When you offer help with retirement income planning to your employees, you probably want them to pay the lowest tax bills possible. This means setting up plans that qualify under IRS rules for special tax treatment. Generally, qualified plans allow an employee to push liability for the taxes off to later dates. As long as they take the money out after they a specified age, such as 59.5 years for a 401(k) plan, they won't face any penalties. There may also be some special conditions when they can do penalty-free withdrawals to pay for things like medical expenses.
Some types of qualified retirement planning for businesses will provide specific benefits.
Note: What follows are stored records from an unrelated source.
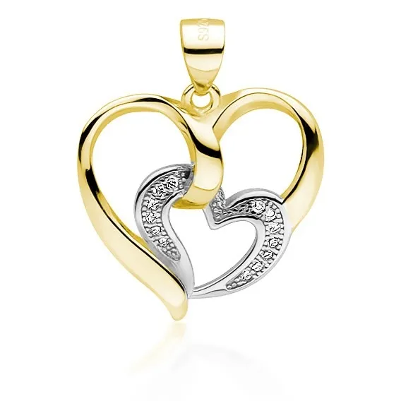 Srebrna zawieszka pozłacane serce z mniejszym sercem z cyrkoniami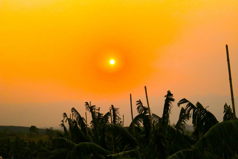 Keywords: banana plantations banana sunset orange sky evening golden sunset atmospheric sunset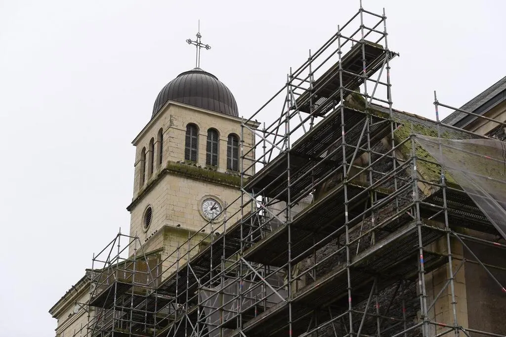 La Bohalle, près d’Angers, le 22 mars 2025. L’église Saint-Aubin (1838-1844), qui s’inspire des modèles de l’antiquité gréco-romaine avec son portique à colonnes doriques, fait l’objet de travaux depuis de nombreuses années. Photo CO - Josselin CLAIR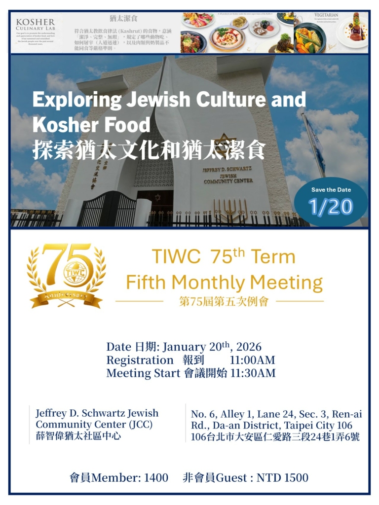 20260120 TIWC Monthly Meeting – Exploring Jewish Culture and Kosher Food✨ 2026年一月例會-探索猶太文化,品嚐猶太潔食
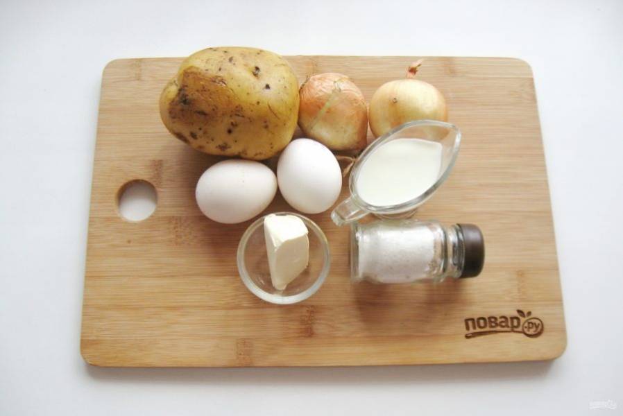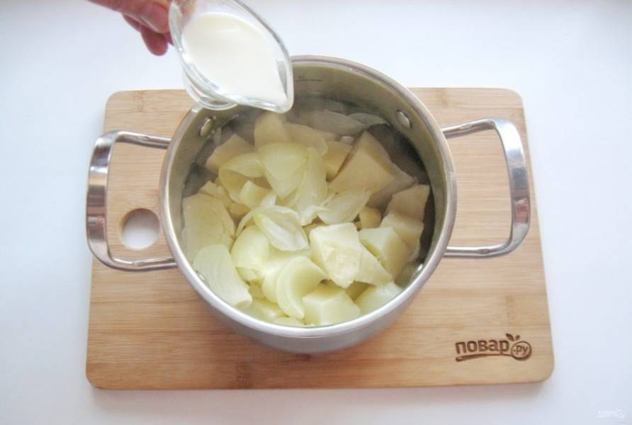 Добавьте мускатный орех по вкусу и разомните лук с картофелем, молоком и сливочным маслом в пюре.

A traditional pension plan that pays out a regular benefit every month, for example, counts as a defined benefit plan. Notably, these plans require the employer to take on the risk of managing the plan and keeping it properly funded. When folks talk about pension plans, this kind of plan is usually what they mean.
A contribution plan is one where the employee has the option to pay into a personal retirement account. All the financial risk of the account sits with the employee. Most employers offer to match contributions up to a certain amount. For example, a company might offer a dollar-for-dollar match up to $5,000 each year. The employee is welcome to contribute above the limit.
The tax deferral component serves three purposes. First, it pushes the tax liability for the income off to a later date. Second, it provides for low or no withdrawal costs when the employee takes money out at the right time or under specific circumstances. Finally, it reduces the amount of current income an employee will have to count as taxable on their tax return.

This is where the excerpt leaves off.